**What the task requires**
An exact copy is the goal: every line from the one containing "An ornate archway" to the end of the material below, pictures excluded.

**Recorded information**
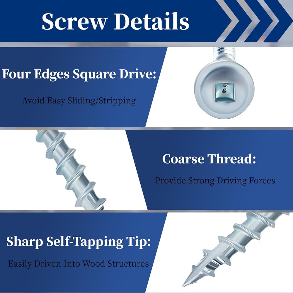 【Square Drive Head】: Deep square pocket hole screws have a wide contact surface with drive bit, 4 square edges reduce the drive torque and avoid stripping during the drive work
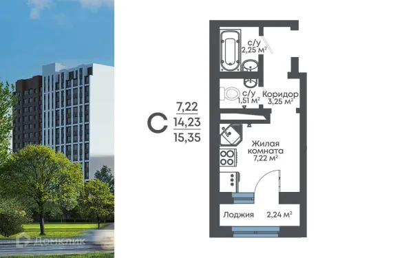 1 комн. квартира в Воронеже в ипотеку от 15 905 руб/месяц
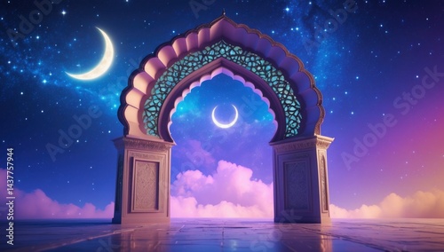 An ornate archway frames a serene night sky with a luminous crescent moon, evoking a sense of peace
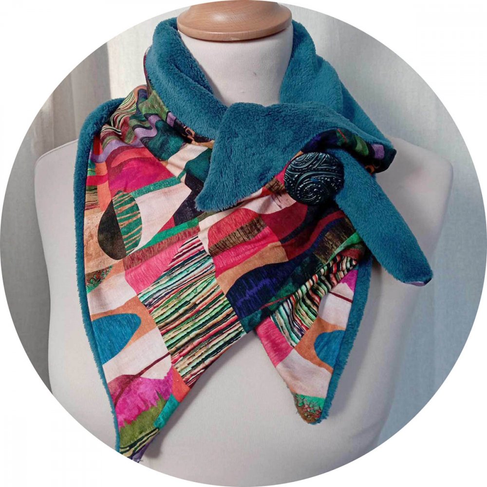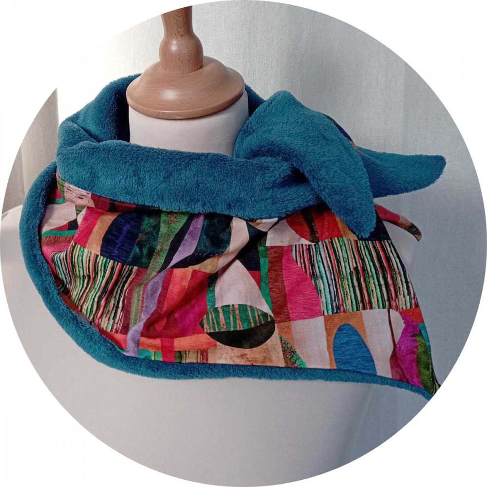 Col bleu vert en jersey de coton imprimé et fourrure polaire bleue. Un joli col écharpe ultra doux et souple coupé dans un jersey coton coloré, tout doublé de fourrure polaire bleu vert. Il se drape autour de votre cou pour vous tenir bien chaud et se ferme par un grand bouton en bois de polymère, fait maison. Dimensions : 33cm x 74cm

**Solution**
 An ornate archway frames a serene night sky with a luminous crescent moon, evoking a sense of peace
 Col bleu vert en jersey de coton imprimé et fourrure polaire bleue. Un joli col écharpe ultra doux et souple coupé dans un jersey coton coloré, tout doublé de fourrure polaire bleu vert. Il se drape autour de votre cou pour vous tenir bien chaud et se ferme par un grand bouton en bois de polymère, fait maison. Dimensions : 33cm x 74cm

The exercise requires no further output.